Out on a Limb

Why is it that in English we feel the need to differentiate between “hand” and “arm” or between “foot” and “leg”, whereas in a number of other languages, they tend to prefer words that refer to the whole limb, with no differentiation.

 

Not only are there languages which tend to use fewer words than we do, but there are also languages which use more on a regular, normal basis; take Spanish for example. Besides having the word mano to mean “hand”, and brazo for the “arm”, it is usual to distinguish between brazo and antebrazo, which is the “forearm”. You might be tempted to argue that we also have the word “forearm” in English, and while this is of course true, the fact of the matter is that this word is not in normal, everyday use in the way that it is in Spanish.

 

In modern Greek, the word χέρι (heri) is used to mean both “arm” and “hand”, while πόδι (podi) means both “foot” and “leg”. It seems unlikely that Greek speakers were doing radically different work from their counterparts in Italy, where braccio and mano distinguish between arm and hand respectively, while the difference between foot and leg is expressed with piede and gamba. Or, even closer to home, Greek and Turkish speakers lived side by side, often living very similar lives, but Turkish speakers differentiated between kol (arm) and el (hand). There doesn’t seem to be any practical, logical reason for one language to need the extra words, while the other doesn’t. I suspect that we will never know the answer as to why, but it is an interesting linguistic phenomenon nonetheless!

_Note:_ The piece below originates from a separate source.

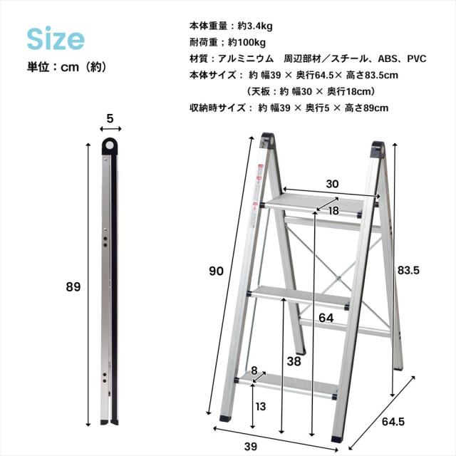 おりたたみサイズ(約):W390×D50×SH895(mm)

6 thoughts on “Out on a Limb

  1. In Irish, there is no ‘lámh’ can mean hand or arm, ‘sciathán’ can mean arm or wing (that of a bird) and ‘géag’ can mean a human limb or branch (I realise that tree-limb is sometimes used in English but it’s unusual).

    • That’s very interesting re sciathán. I wonder how many languages have the same word for arm/ wing. It seems quite logical, when you think about it! In Greek you might use “tree-limb” in a very poetic sense, perhaps in a work of literature, but certainly not in ordinary language! Would the same word be used in Irish for a limb of a dog or cat or some other animal too?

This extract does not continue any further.